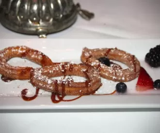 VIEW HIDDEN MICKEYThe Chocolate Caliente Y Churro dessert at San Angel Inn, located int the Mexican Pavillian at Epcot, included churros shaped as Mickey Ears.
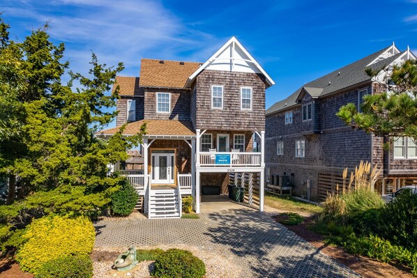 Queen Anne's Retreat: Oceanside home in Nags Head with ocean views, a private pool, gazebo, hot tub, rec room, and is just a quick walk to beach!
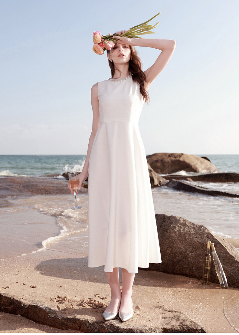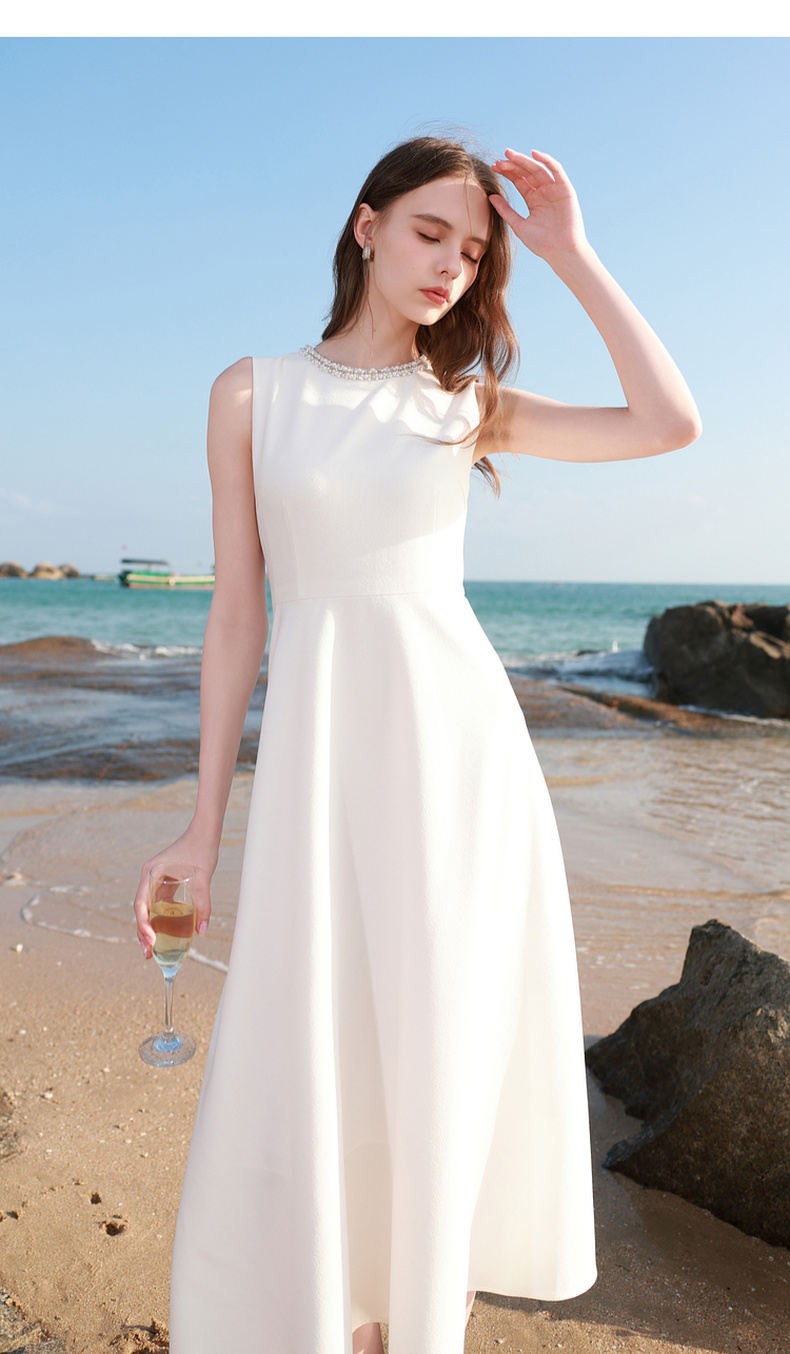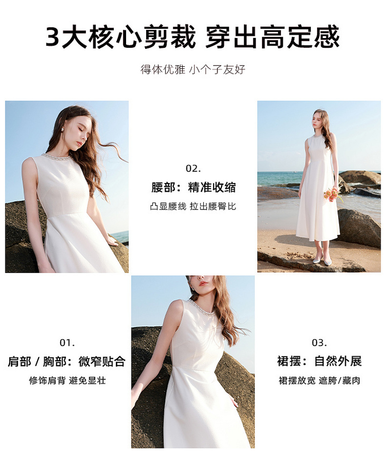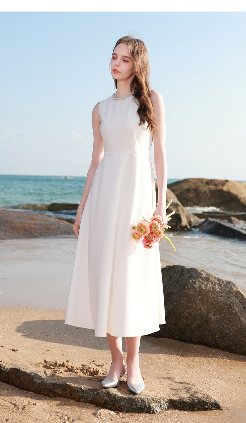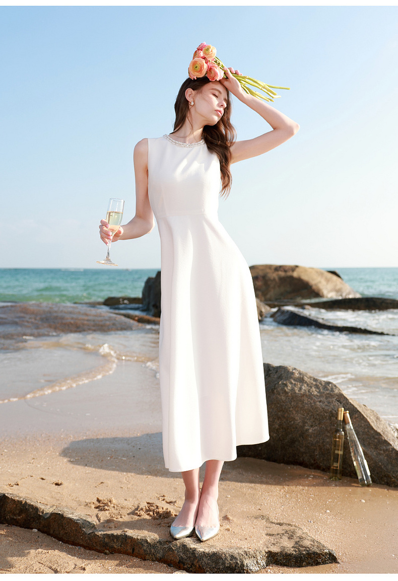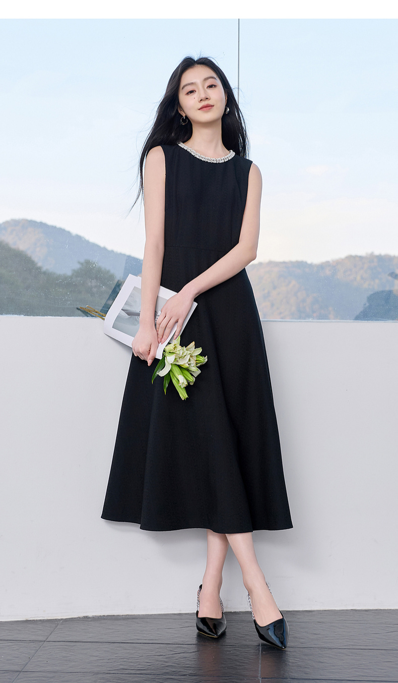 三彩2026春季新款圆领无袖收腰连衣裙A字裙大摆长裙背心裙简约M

--

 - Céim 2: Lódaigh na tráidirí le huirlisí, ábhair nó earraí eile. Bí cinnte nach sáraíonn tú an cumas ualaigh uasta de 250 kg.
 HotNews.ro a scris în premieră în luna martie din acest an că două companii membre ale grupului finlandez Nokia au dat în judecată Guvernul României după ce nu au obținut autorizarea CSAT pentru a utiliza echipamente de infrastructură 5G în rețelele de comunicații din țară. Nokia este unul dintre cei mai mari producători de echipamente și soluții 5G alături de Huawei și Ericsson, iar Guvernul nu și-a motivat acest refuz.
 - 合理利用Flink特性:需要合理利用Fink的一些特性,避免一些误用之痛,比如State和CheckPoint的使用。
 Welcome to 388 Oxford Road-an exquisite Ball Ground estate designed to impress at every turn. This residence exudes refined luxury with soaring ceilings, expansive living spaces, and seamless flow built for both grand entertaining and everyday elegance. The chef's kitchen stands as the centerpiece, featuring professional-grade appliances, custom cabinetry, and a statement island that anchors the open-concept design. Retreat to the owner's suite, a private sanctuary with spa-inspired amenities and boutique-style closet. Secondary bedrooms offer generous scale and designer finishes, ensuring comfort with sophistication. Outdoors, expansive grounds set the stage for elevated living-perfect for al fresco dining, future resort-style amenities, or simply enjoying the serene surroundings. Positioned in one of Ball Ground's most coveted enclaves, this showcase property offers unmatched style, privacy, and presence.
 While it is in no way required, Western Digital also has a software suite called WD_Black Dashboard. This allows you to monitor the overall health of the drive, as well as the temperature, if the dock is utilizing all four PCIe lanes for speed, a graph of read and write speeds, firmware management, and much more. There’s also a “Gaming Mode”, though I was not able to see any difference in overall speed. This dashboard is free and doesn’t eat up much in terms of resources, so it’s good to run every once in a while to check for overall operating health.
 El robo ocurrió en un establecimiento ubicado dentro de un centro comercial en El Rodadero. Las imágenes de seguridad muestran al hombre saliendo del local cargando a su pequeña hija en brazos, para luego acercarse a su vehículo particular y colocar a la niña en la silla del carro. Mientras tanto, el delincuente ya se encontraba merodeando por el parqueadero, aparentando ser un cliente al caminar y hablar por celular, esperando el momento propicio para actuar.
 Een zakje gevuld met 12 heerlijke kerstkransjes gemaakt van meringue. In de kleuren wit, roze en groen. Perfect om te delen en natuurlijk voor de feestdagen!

* * *

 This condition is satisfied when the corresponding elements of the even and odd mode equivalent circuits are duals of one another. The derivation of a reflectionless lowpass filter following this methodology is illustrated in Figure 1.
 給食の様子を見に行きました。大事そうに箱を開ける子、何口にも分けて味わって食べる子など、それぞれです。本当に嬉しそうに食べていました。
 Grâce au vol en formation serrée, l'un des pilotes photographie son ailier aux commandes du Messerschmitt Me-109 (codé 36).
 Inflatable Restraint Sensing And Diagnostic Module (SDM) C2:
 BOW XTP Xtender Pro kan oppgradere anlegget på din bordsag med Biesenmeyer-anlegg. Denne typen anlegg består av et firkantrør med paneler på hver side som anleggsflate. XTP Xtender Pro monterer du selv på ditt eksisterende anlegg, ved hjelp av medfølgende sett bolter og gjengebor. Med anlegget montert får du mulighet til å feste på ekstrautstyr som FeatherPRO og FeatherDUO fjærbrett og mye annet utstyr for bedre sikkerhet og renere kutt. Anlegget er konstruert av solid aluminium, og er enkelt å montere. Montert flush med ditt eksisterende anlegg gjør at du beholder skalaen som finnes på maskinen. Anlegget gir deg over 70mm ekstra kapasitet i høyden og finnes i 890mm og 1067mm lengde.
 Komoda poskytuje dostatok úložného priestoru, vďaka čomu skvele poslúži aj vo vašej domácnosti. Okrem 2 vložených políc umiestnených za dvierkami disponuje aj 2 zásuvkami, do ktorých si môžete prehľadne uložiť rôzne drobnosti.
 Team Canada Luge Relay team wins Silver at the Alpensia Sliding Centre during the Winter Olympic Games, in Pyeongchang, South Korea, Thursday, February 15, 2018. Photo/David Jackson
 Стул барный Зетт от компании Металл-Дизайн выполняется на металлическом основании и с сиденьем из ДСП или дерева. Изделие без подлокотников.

WORK TASK
Print, word for word, the lines above that run from the line containing "VIEW HIDDEN MICKEYThe" to the line containing "三彩2026春季新款圆领无袖收腰连衣裙A字裙大摆长裙背心裙简约M", both included. Keep the pictures out.

EXERCISE RESPONSE
 VIEW HIDDEN MICKEYThe Chocolate Caliente Y Churro dessert at San Angel Inn, located int the Mexican Pavillian at Epcot, included churros shaped as Mickey Ears.
 Queen Anne's Retreat: Oceanside home in Nags Head with ocean views, a private pool, gazebo, hot tub, rec room, and is just a quick walk to beach!
 三彩2026春季新款圆领无袖收腰连衣裙A字裙大摆长裙背心裙简约M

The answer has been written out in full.